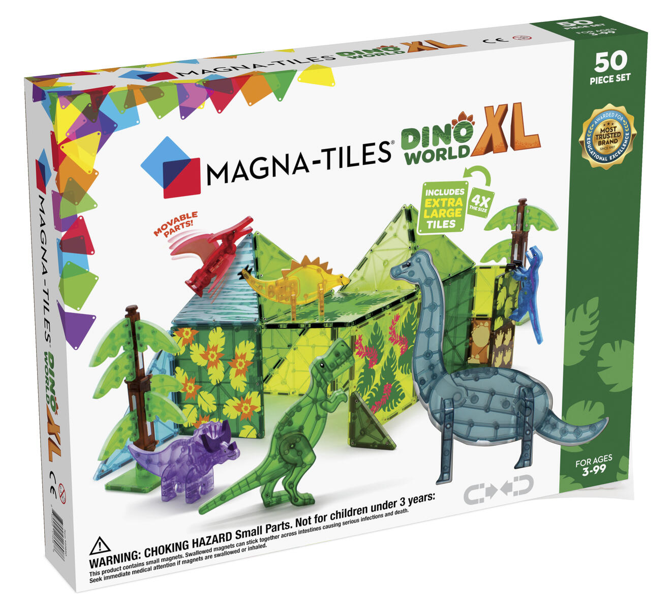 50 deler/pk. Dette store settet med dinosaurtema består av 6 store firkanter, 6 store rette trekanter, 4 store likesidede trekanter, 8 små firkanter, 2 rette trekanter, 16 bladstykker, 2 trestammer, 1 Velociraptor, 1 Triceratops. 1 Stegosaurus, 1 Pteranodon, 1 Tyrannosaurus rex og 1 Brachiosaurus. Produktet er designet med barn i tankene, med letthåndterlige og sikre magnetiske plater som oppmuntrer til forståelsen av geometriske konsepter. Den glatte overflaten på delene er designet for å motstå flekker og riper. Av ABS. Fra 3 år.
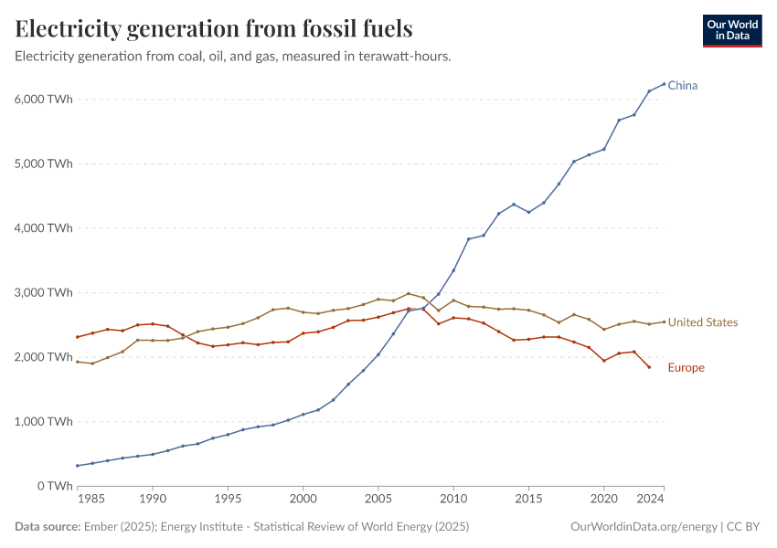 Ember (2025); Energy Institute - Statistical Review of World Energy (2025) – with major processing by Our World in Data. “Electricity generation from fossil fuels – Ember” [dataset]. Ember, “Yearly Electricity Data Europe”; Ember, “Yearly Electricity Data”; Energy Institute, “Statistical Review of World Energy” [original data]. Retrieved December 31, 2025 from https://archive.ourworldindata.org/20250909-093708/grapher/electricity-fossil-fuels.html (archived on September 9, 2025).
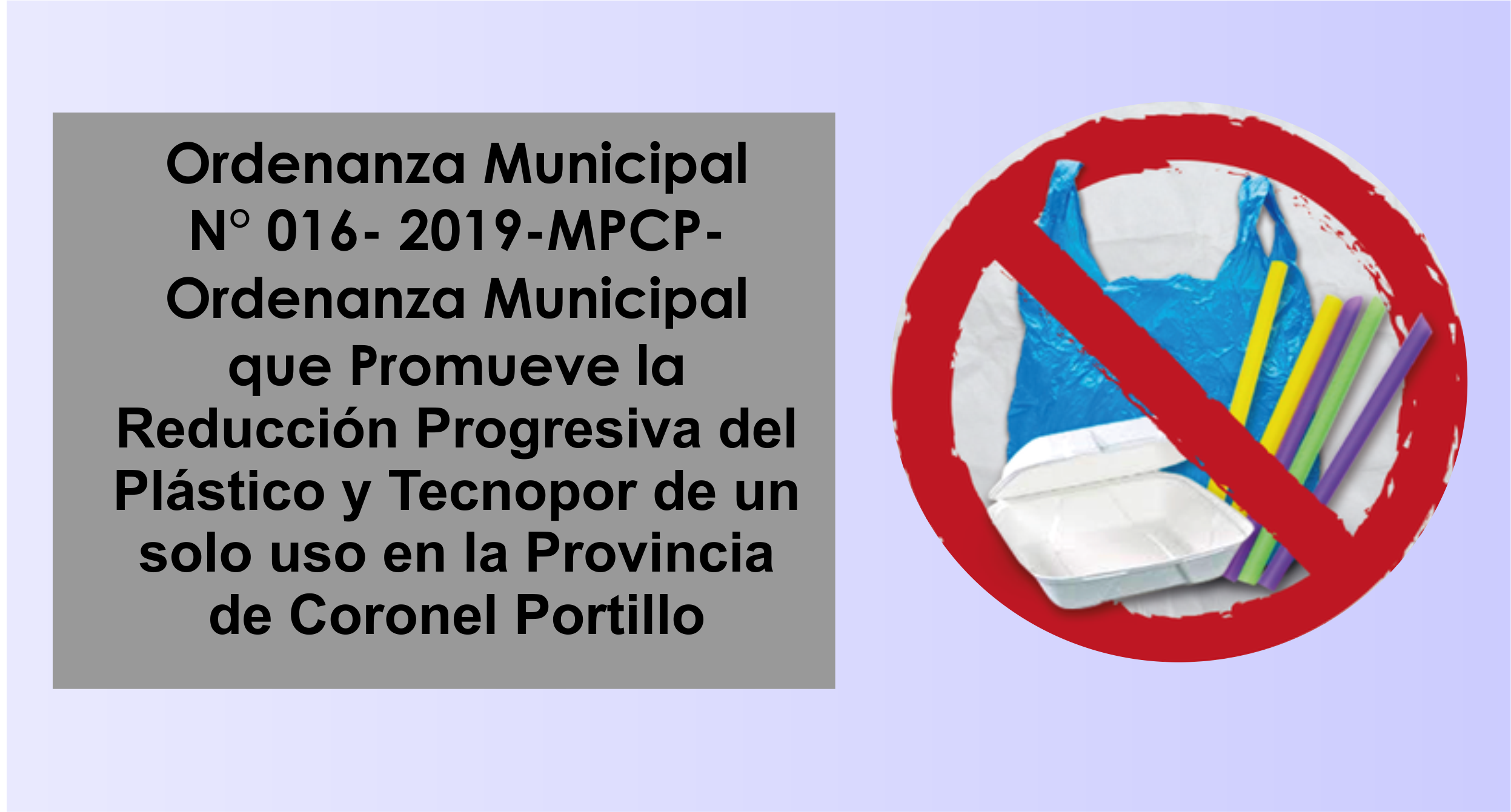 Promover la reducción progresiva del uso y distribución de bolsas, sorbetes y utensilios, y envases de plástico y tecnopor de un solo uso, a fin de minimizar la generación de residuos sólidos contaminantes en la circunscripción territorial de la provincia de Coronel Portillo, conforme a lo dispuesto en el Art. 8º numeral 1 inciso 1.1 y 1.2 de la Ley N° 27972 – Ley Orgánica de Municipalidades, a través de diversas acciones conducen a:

---

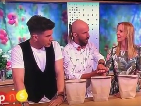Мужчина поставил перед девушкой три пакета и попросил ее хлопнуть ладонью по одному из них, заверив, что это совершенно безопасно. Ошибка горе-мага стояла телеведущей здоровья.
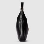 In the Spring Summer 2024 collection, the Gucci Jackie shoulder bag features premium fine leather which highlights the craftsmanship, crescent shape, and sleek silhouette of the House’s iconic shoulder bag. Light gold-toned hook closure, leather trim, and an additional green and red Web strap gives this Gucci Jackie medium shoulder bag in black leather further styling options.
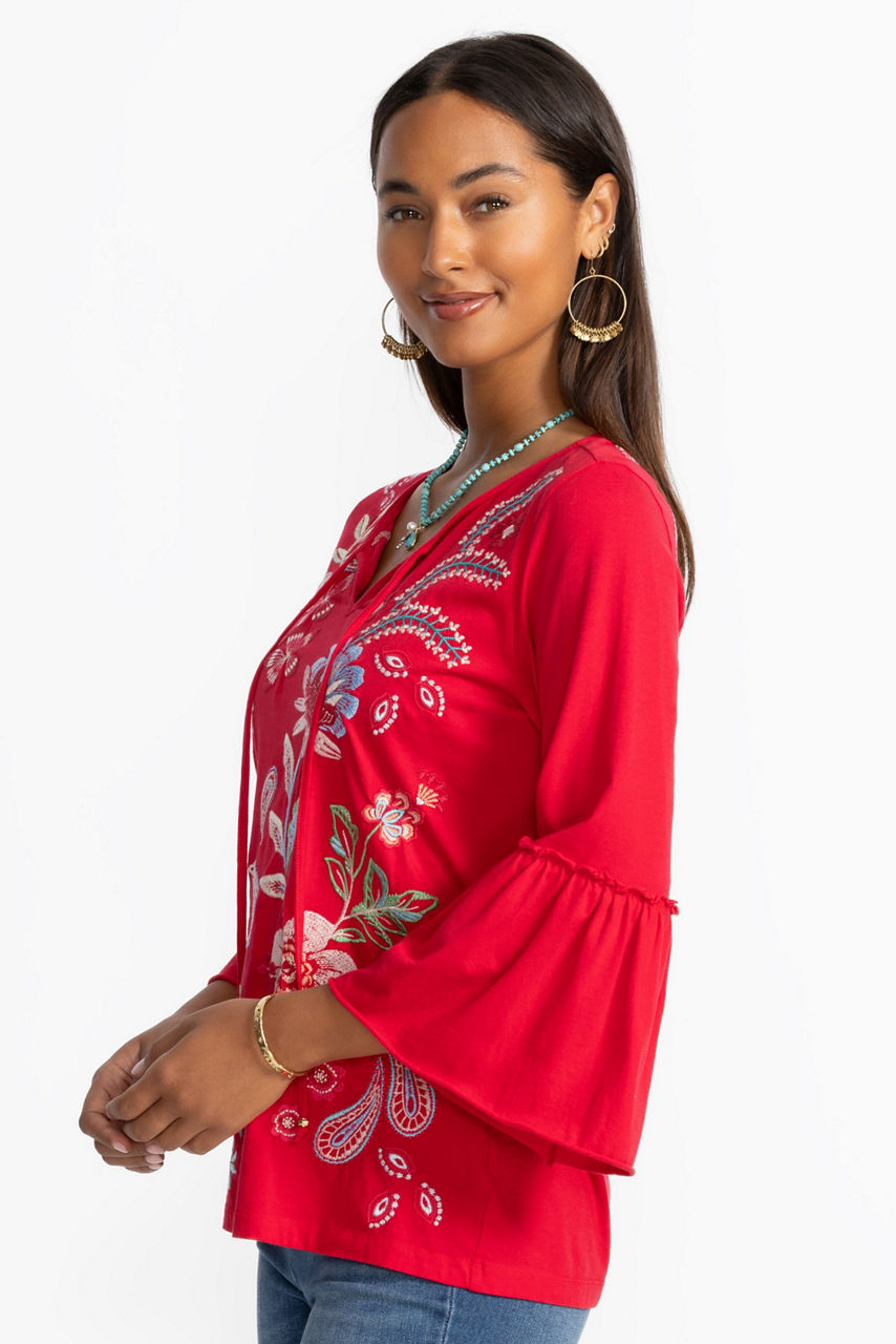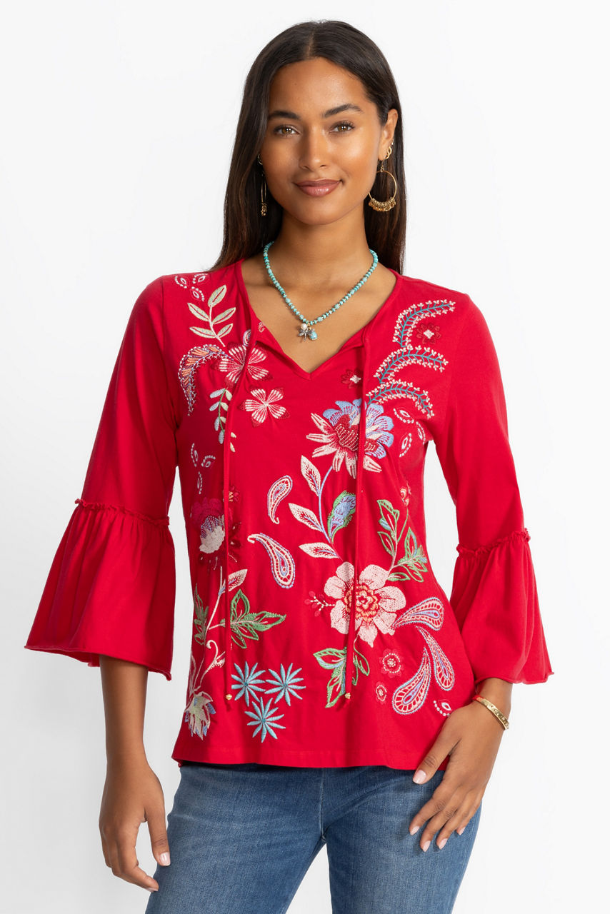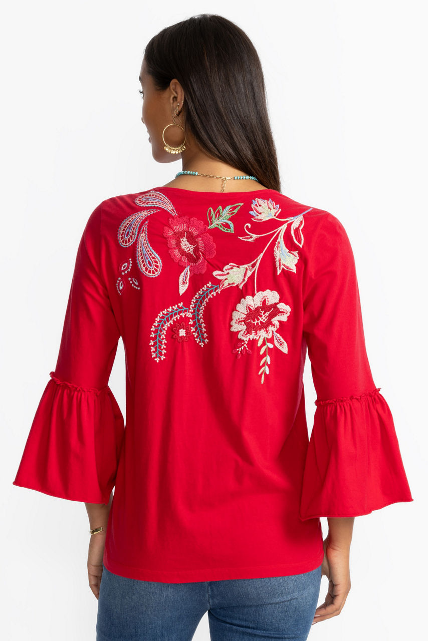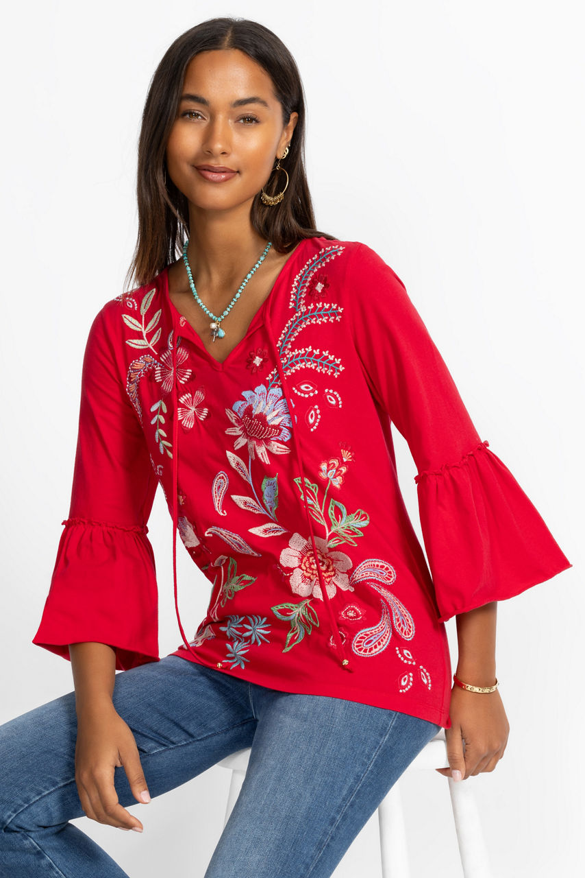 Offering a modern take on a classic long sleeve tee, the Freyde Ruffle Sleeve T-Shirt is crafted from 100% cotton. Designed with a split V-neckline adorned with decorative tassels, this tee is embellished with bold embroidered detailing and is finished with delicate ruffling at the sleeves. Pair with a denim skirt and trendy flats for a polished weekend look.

• [Work request] The result should be an exact copy of only the lines above from the one that holds "Мужчина поставил перед" through the one that holds "In the Spring", both ends included, without pictures.

• [Response for this exercise]
Мужчина поставил перед девушкой три пакета и попросил ее хлопнуть ладонью по одному из них, заверив, что это совершенно безопасно. Ошибка горе-мага стояла телеведущей здоровья.
 In the Spring Summer 2024 collection, the Gucci Jackie shoulder bag features premium fine leather which highlights the craftsmanship, crescent shape, and sleek silhouette of the House’s iconic shoulder bag. Light gold-toned hook closure, leather trim, and an additional green and red Web strap gives this Gucci Jackie medium shoulder bag in black leather further styling options.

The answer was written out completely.